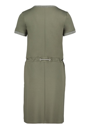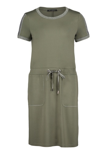Платье в спортивном стиле - то, что нужно для создания современного и женственного образа. Прямой крой, круглый вырез горловины, короткие втачные рукава, кулиска на талии, карманы спереди. Отделка с нитью люрекса оттеняет спортивный стиль платья и придает образу глубину. Приятный к телу материал из вискозной смеси обеспечивает комфорт.
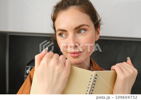 Close up portrait of young romantic woman, smiling, looking aside, holding notebook, reading notes, writing in diary, checking her planner
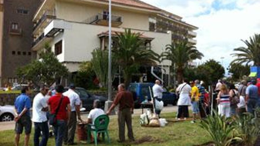 En torno a una quincena de trabajadores se ha instalado justo enfrente del acceso al hotel, mostrando pancartas y dejándose notar al ritmo de batucada improvisada, con palos golpeando bidones oxidados. La Policía Nacional mantiene una discreta presencia, con una patrulla de la Comisaría de Maspalomas, mientras los turistas que transitan camino de la playa observan con curiosidad la estampa reivindicativa.
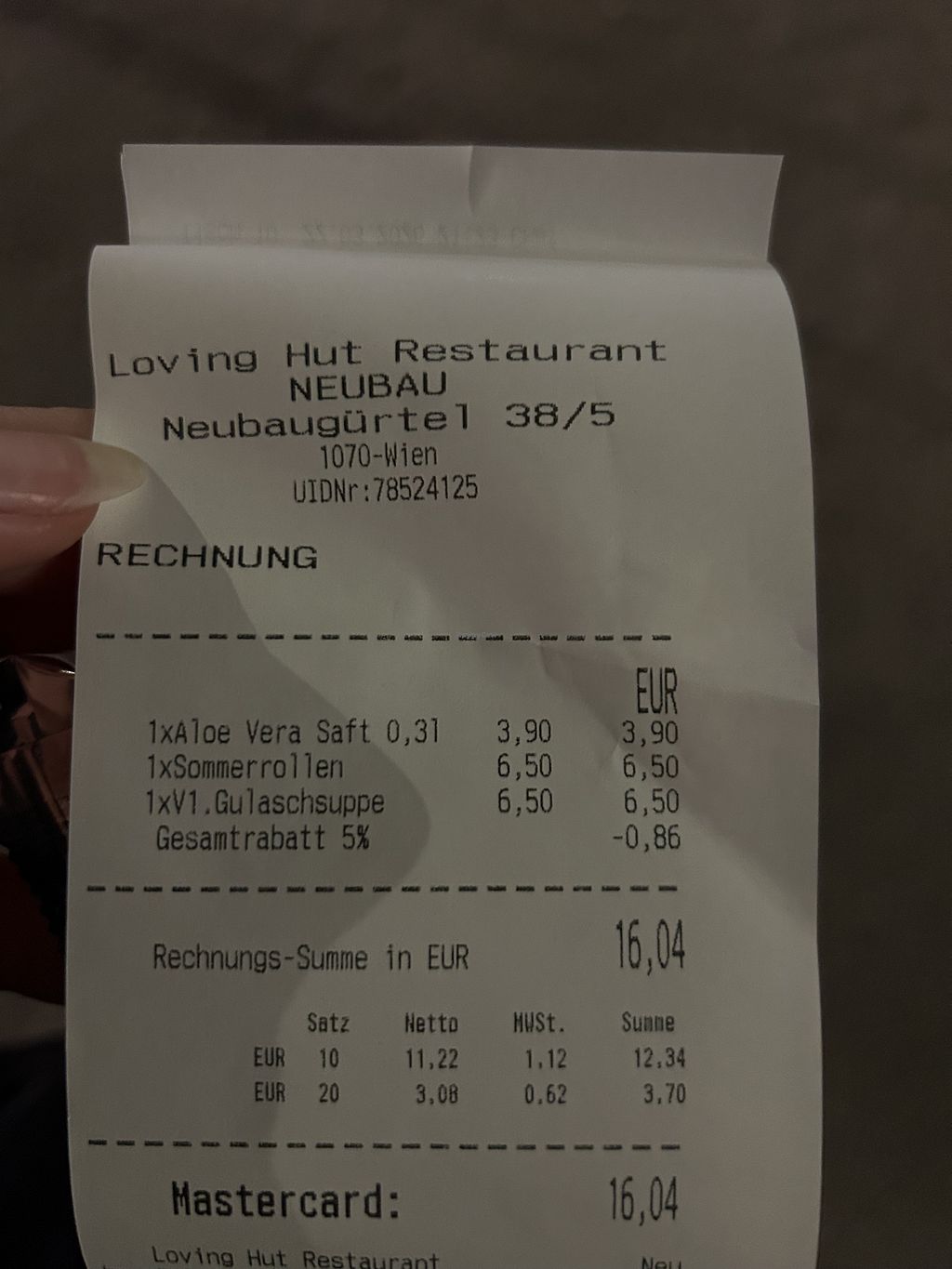 We tried Tom Yam, Save Chicken, Doner Teller, Thai Basil Tofu, Pho Tofu Soup, Wiener Schnitzel. All was good and decent, Tom Yam was above all - pretty spicy ! We tried also 3 different cakes and they were also pretty good. However i could not find any main/side dish to make me return. Regardless it is so far best vegan rest in Vienna i found so far
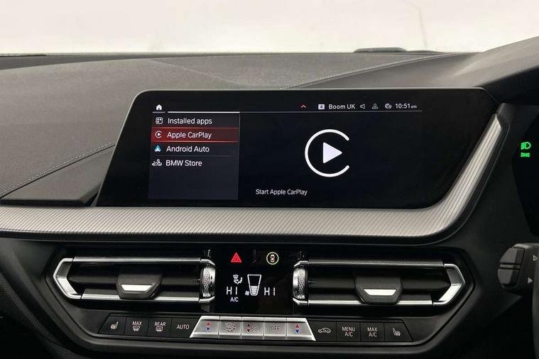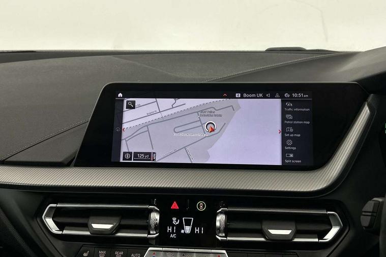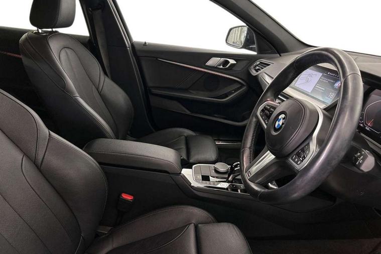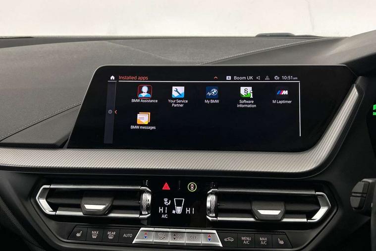 Active guard plus, Attentiveness assist, BMW Online services, BMW Teleservices, Check Control warning system for monitoring of lights and door/luggage compartment open warning, Connected eDrive Services, Eco pro mode, Integrated owners handbook, Oil sensor for level and grade, On board computer, Optimum shift indicator, Personal Profile, Pull away assistant, Speed limiter, Aluminium lightweight construction, Anti roll bar front and rear, Balancer shaft, Double VANOS, Drive Performance Control, Electronic differential lock, High precision injection, M sport suspension, Petrol Particulate Filter, VALVETRONIC engine management, Bluetooth audio streaming, DAB Digital radio, Auto dimming rear view mirror, Automatic headlight beam throw control, Automatic windscreen wipers and automatic headlight, Body colour door handles, Body colour mirror caps, Chrome 'M' logo side designation, Chrome exhaust tailpipe in single, round (Exhaust tailpipe, stainless steel - single, round), Chrome kidney grille frame with Satin Aluminium struts, Direction indicator side lights in exterior mirrors, Electric folding and anti dazzle exterior mirrors, Fading support, Follow me home headlights, Front and rear bumper system with replaceable deformation elements, Front and rear electric windows with open and close fingertip control, anti trap facility and comfort closing, Front door sill finishers in black plastic with M designation in metallic look, Green tinted heat protection glazing, Heated, electrically adjustable exterior mirror aspheric on driver side, convex on passenger side, High gloss shadowline window frame, Recess cover mirror frames and B/C pillar embelisher trim, High level third brake light, LED daytime running lights, LED eyebrow turn indicators, LED front fog lights, Lightweight engineering, Matt black air guide grilles, Model designation on right side of tailgate, Nearside reverse light in rear light cluster, Preparation for high beam assistant, Rain sensor including auto headlights activation, Rear fog lights, Rear window wiper, Shark fin antenna, Visible VIN plate, Welcome lighting, 12V power socket in centre console, 3 rear seat head restraints, 3 spoke M sports design leather steering wheel finished in nappa leather with specific M badge, Anthracite headlining, Anthracite Velour floor mats, Child seat ISOFIX attachment for two outer rear seats and front passenger seat with anchorage points, Conditioned based service, Dakota leather upholstery with perforation and contrast stitching, Driver and front passenger seat heating, Folding rear clothes hook, Four grab handles integrated in roof lining, Front and rear door pockets, Front and rear door pockets with bottle holders, Front and rear side armrest integrated into door trim, Front armrest foldable with integrated storage compartment, Front sports seats with electric side bolster adjustment, Glove compartment, Height adjustable front head restraints, Manual adjust steering wheel, Multi-function controls for steering wheel, Storage compartment in centre console, Sun visors with vanity mirrors and insert tab, Two zone automatic air conditioning, Additional interior lighting pack - 1 Series, Connected pack professional - 1 Series, Extended storage pack - 1 Series, Interior lights pack - 1 Series, Luggage compartment pack - 1 Series, M Sport exterior styling aerodynamics pack - 1 Series, 2 tone horn, 3 point seatbelts on all seats, front pyrotechnic belt tensioners, stopper and belt force limiters, rear coded belt buckles, Airbags - front driver/passenger, front & rear curtain, front side, Anti lock braking system (ABS) with brake assist, BMW emergency call, Brake drying, Braking readiness, Crash sensor activating central locking release, hazard warning lights, fuel cut off, interior lighting + activation of safety battery terminal clamp, Driver and front passenger seat belt security check, Dynamic stability control + (DSC+), Dynamic Traction Control - DTC, Electrically operated hand brake, Front and rear disc brakes, Front passenger manual airbag deactivation, Seatbelt warning, Side impact protection, Tyre pressure monitoring system, Warning triangle and first aid kit, Automatic drive away locking facility, Central locking switch for all doors, fuel filler cap and luggage compartment, Deadlocking function system to all doors, Locking wheel bolts, Remote control with integrated key with High-gloss Black inlay and M designation and 1 button for open/ close lock, window, open luggage compartment, Start/stop button with comfort go keyless engine start and auto start stop deactivation button, Thatcham Cat.1 alarm and immobiliser, Contrast stitching on instrument panel, Reduced rolling resistance tyres,
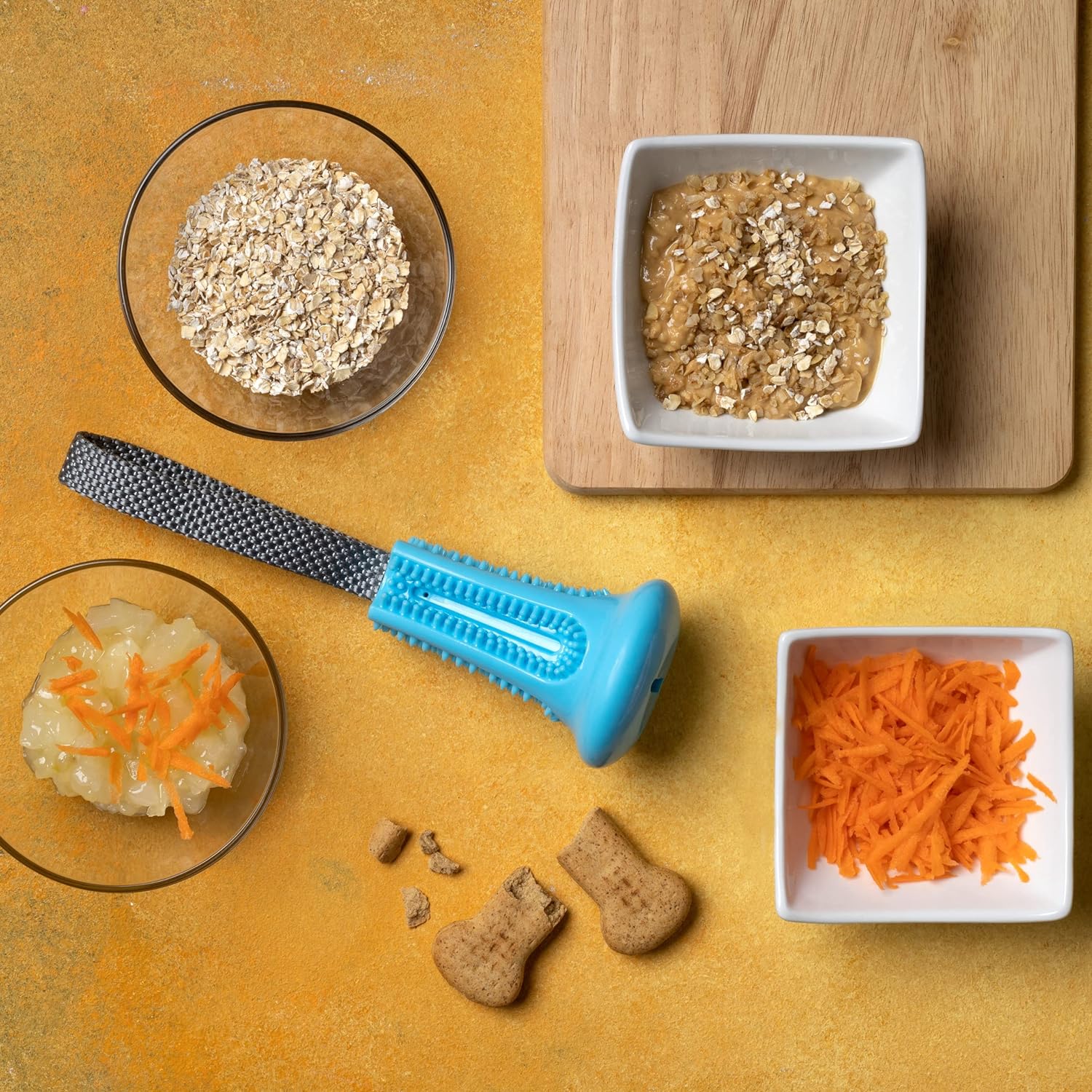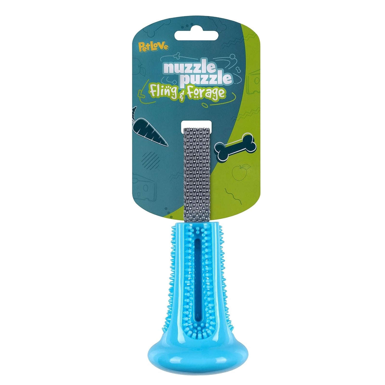 Note: Nuzzle Puzzle Fling N Forage is a line of dog toys with tape handles for tugging and fetching, and treat slots. They are flexible and float, but not suitable for intense biting or chewing. Supervise your dog while playing and check the condition of the toy. Remove any damage immediately. Before giving the toy to your dog for the first time, remove all packaging.
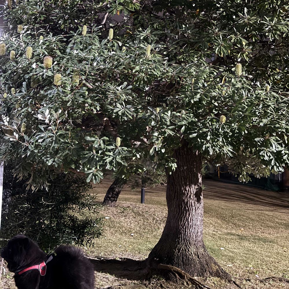 まだまだ、花がついてるバンクシアとわが家のワン🐕🦺。。
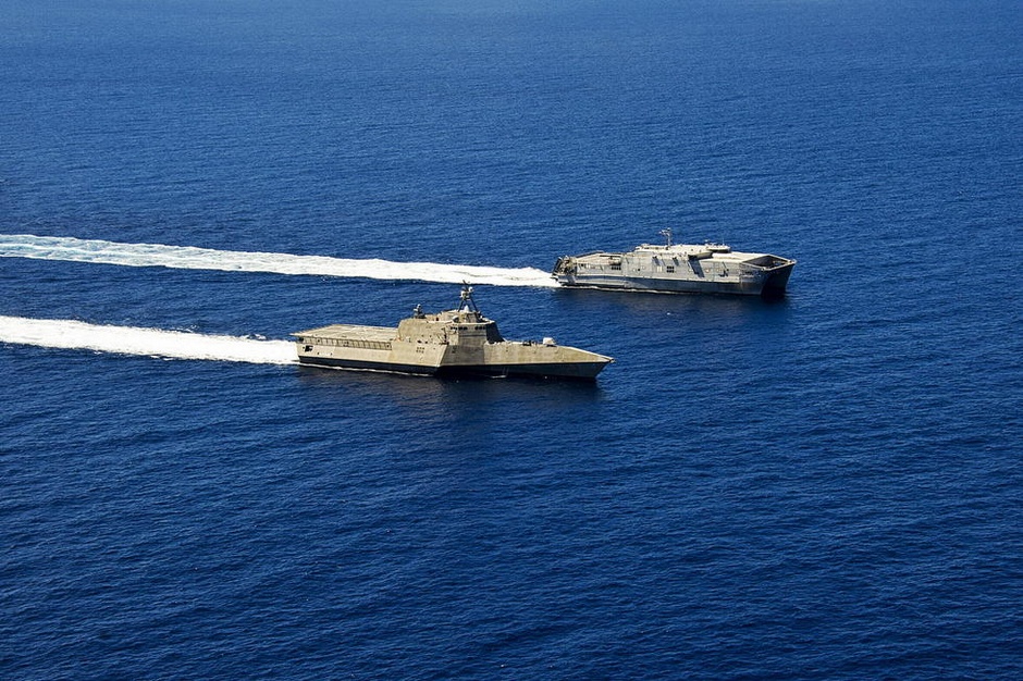 Với khả năng di chuyển nhanh, tàu chiến đấu ven biển LCS-2 (phía dưới) có tính cơ động cao. Tàu chỉ cần một đội thủy thủ đoàn nhỏ. Hải quân Mỹ bắt đầu sử dụng LCS-2 từ năm 2009. Nó có thể thực hiện nhiều nhiệm vụ như phá mìn, săn tàu ngầm trong vùng nước nông, diệt thuyền cỡ nhỏ. Tuy nhiên, LCS-2 không có khả năng chống tàu chiến.
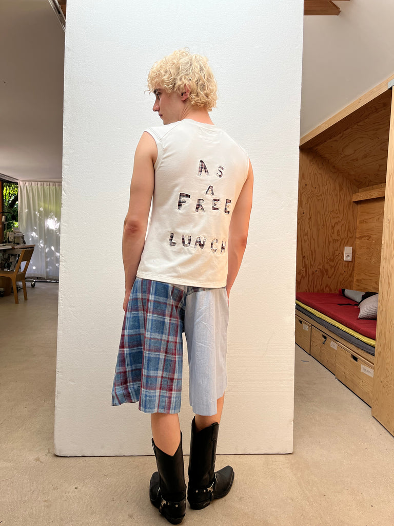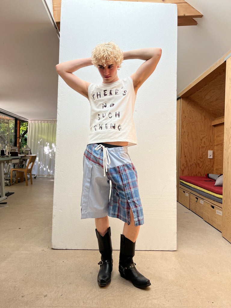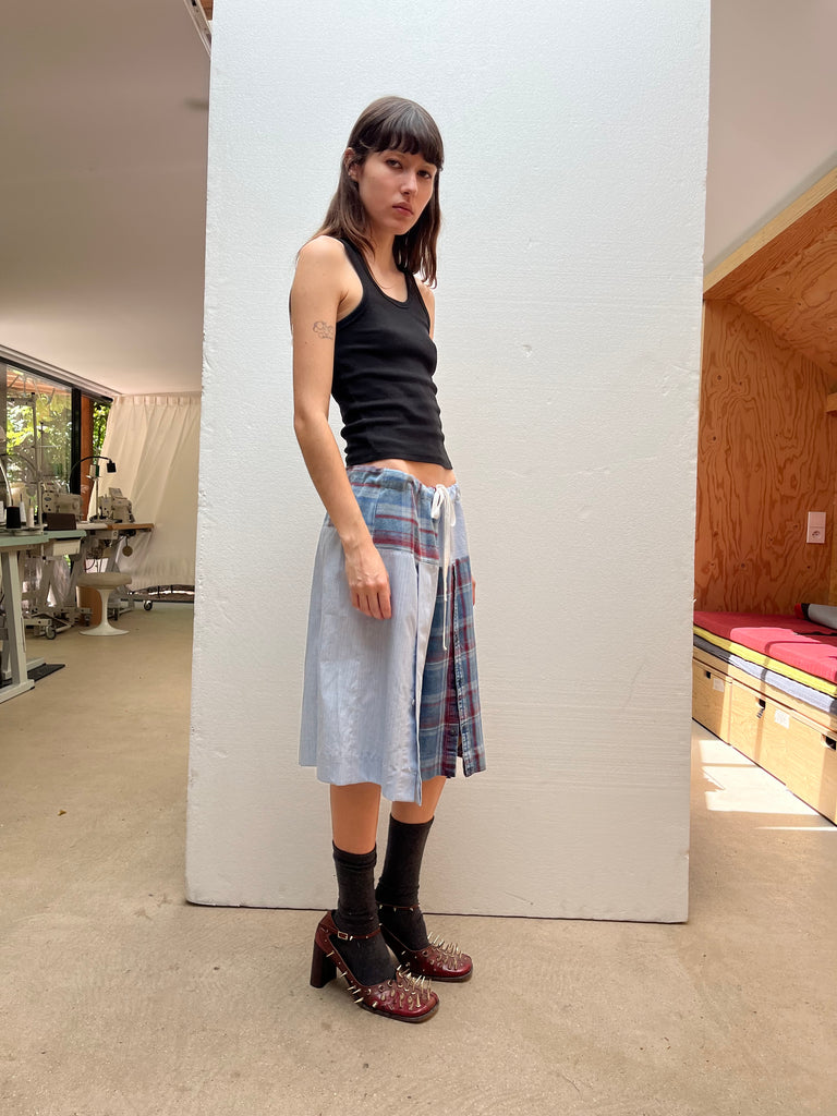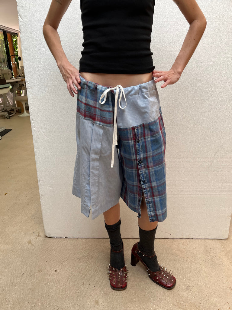 100% cotton shorts made from vintage shirts featuring a working button front and tie on waist for adjustable size. Unisex size S
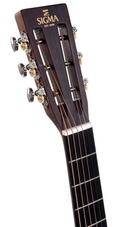 Производство гитар Sigma начала компания Martin в 1970 году. Мировой лидер по изготовлению акустических гитар создал новую компанию, производившую бюджетные аналоги собственной продукции. Поэтому неудивительно, что логотипы обеих компаний имеют одинаковый шрифт, подчеркивающий родство производителей. Самое главное, что SigmaGuitars получили все технологии и патенты от компании Martin, поэтому каждая гитара Sigma изготовлена по самым высоким стандартам. Все инструменты производятся из высококачественных материалов и проходят тщательную проверку специалистами. Для изготовления гитар используют цельную ситхинскую ель, индийский палисандр, красное дерево, африканский аванкол, кедр, порожки изготавливаются из кости. Гитары Sigma оборудованы высококачественными комплектующими от мировых производителей, таких как Fishman, Matrin и Grover. Компания Sigma уверена в своей продукции, поэтому на каждой гитаре есть этикетка с перечнем всех материалов и технических характеристик. Гитары Sigma обладают насыщенным и ярким звуком, а секрет звучания не только в древесине. Поскольку компания использует технологии производства Martin, каждая гитара имеет уникальную систему брасов (пружины). Именно поэтому каждая гитара идеально резонирует и создает объемный, теплый звук. Звучание гитар действительно уникально, ведь Sigma, создали изящный, высококачественный продукт за умеренную цену. Модельный ряд гитар Sigma невероятно широк. Компания производит гитары различных форм и конструкций. Форму того или иного инструмента легко узнать из первых букв модели гитары: D – дредноут, 000 – фолк, J – джамбо, C – классическая гитара. Породы дерева также отображаются в названии модели. Верхняя противня, абсолютно в каждой гитаре Sigma, изготавливается из цельной древесины ситхинской ели или красного дерева. Задняя противень и обечайка изготавливается из красного дерева – М или палисандра – R. Красное дерево также используют для изготовления грифа, а накладка грифа и струнодержатель из черного дерева. Порожки гитар Sigma производятся из кости, что характерно для гитар высокого уровня. Есть модели с вырезом, они имеют маркировку – С, а также, есть множество электроакустических гитар, обозначаемых буквой Е.

..........

**Task to carry out**
Leave out the pictures and repeat the lines from the start of the material through the line with "We tried Tom", inclusive.

**Answer box**
Платье в спортивном стиле - то, что нужно для создания современного и женственного образа. Прямой крой, круглый вырез горловины, короткие втачные рукава, кулиска на талии, карманы спереди. Отделка с нитью люрекса оттеняет спортивный стиль платья и придает образу глубину. Приятный к телу материал из вискозной смеси обеспечивает комфорт.
 Close up portrait of young romantic woman, smiling, looking aside, holding notebook, reading notes, writing in diary, checking her planner
 En torno a una quincena de trabajadores se ha instalado justo enfrente del acceso al hotel, mostrando pancartas y dejándose notar al ritmo de batucada improvisada, con palos golpeando bidones oxidados. La Policía Nacional mantiene una discreta presencia, con una patrulla de la Comisaría de Maspalomas, mientras los turistas que transitan camino de la playa observan con curiosidad la estampa reivindicativa.
 We tried Tom Yam, Save Chicken, Doner Teller, Thai Basil Tofu, Pho Tofu Soup, Wiener Schnitzel. All was good and decent, Tom Yam was above all - pretty spicy ! We tried also 3 different cakes and they were also pretty good. However i could not find any main/side dish to make me return. Regardless it is so far best vegan rest in Vienna i found so far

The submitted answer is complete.